To address this, I started working on adding a summarization step before applying a fabric template, based on the document length.
Additionally, I explored capabilities like transcripting, translating and listening to the pipeline result or saving it as an audio file for later consumption.
Examples
Listen to the condensed summary of a long Youtube video
yt --transcript url | tp --cb | tts
Read a web page summary
tp --ebullets https://en.wikipedia.org/wiki/Text_processing
Listen to the condensed French summary of a long English Youtube video
yt --transcript --lang en url | tp --cb --tr fr | tts
Save a book's wisdom as an audio file
tp my_book.txt --eb | fabric --p extract_wisdom | tts --o my_book_wisdom.mp3
Say "hello world!" in Chinese
echo "Hello world!" | tp --tr zh | tts
Translate a document to Spanish
tp doc_fr.txt --tr es > doc_es.txt
Generate a transcript in any language from a mp4 file. E.G.: from English to French
tp en.mp4 --tr fr
Listen in spanish a French audio file
tp fr.mp3 --tr es | tts
Convert a spanish audio book to a French audio book... and make an English transcript
tp es.mp3 --tr fr | tts --o fr.mp3 | tp fr.mp3 --tr en --o tr_en.txt
Extract ideas from an audio file, save them in a French text file
tp en.mp3 | fabric --p extract_ideas | tp --tr fr --o idées.txt
Perform OCR
tp image.png
Extracts text from a Word file
tp document.docx
Text Processing (tp)
Input (text or audio file)
tp receives from stdin or as first command line argument
It accepts:
- Text.
- File path.

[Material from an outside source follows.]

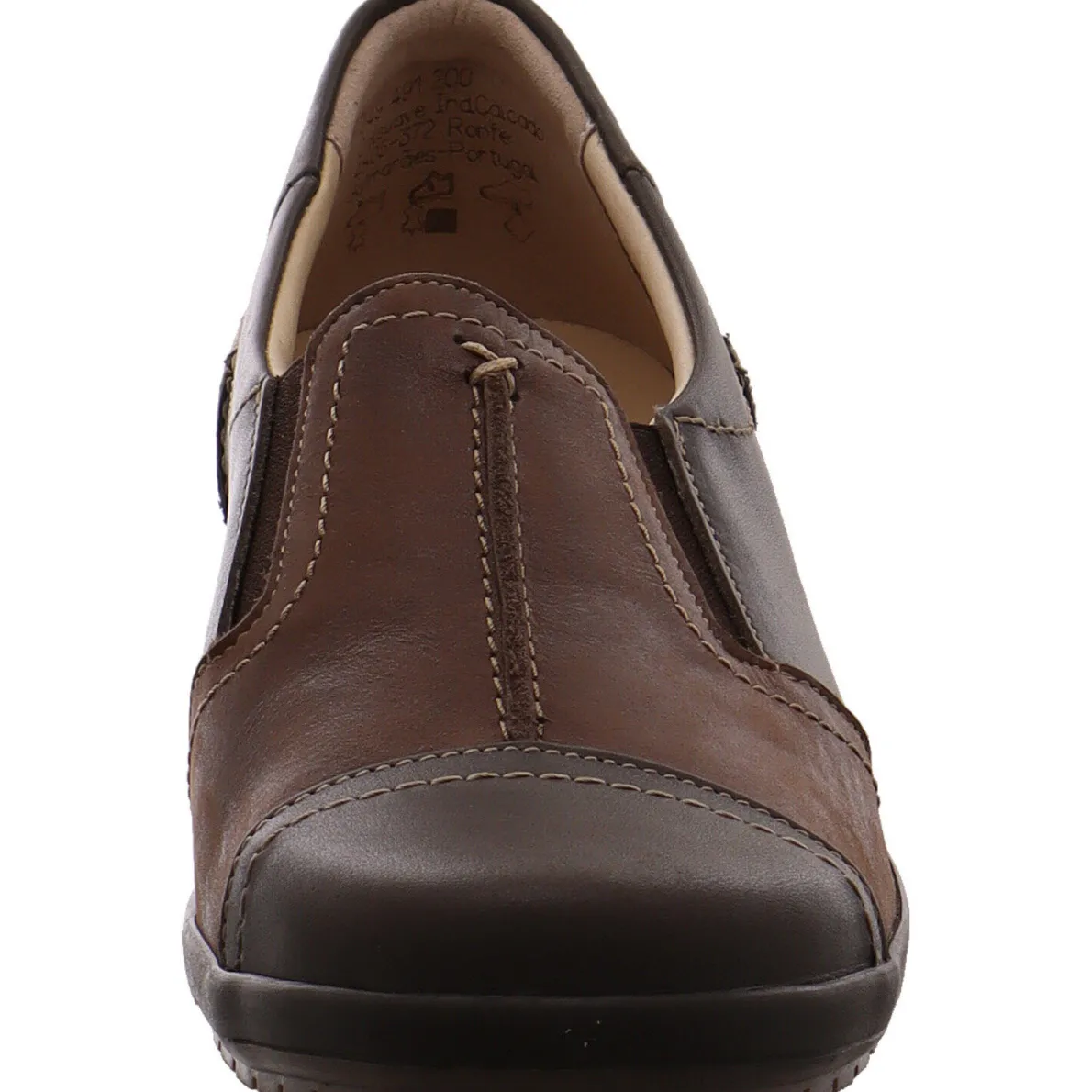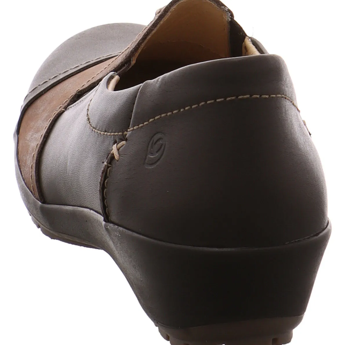 Der Keilabsatz und die leicht profilierte Synthetiklaufsohle runden das Gesamtkonzept ab.

Supported formats are: .aiff, .bmp, .cs, .csv, .doc, .docx, .eml, .epub, .flac, .gif, .htm, .html, .jpeg, .jpg, .json, .log, .md, .mkv, .mobi, .mp3, .mp4, .msg, .odt, .ogg, .pdf, .png, .pptx, .ps, .psv, .py, .rtf, .sql, .tff, .tif, .tiff, .tsv, .txt, .wav, .xls, .xlsx
tp accepts unformatted content, such as automatically generated YouTube transcripts. If the text lacks punctuation, it restores it before further processing, which is necessary for chunking and text-to-speech operations.
Transcription
Converts audio and video files to text using Whisper.
Summarization
The primary aim is to summarize books, large documents, or long video transcripts using an LLM with an 8K context size. Various summarization levels are available:
Extended Bullet Summary (--ebullets, --eb )
- Splits text into chunks.
- Summarizes all chunks as bullet points.
- Concatenates all bullet summaries.
The goal is to retain as much information as possible.
Condensed Bullet Summary (--cbullets, --cb)
Executes as many extended bullet summary phases as needed to end up with a bullet summary smaller than an LLM context size.
Textual Summary (--text, --t)
A simple summarization that does not rely on bullet points.
Translation (--translate, --tr)
Translates the output text to the desired language.
Use two letters code such as en or fr.
Usage
usage: tp [-h] [--ebullets] [--cbullets] [--text] [--lang LANG] [--translate TRANSLATE] [--output_text_file_path OUTPUT_TEXT_FILE_PATH] [text_or_path]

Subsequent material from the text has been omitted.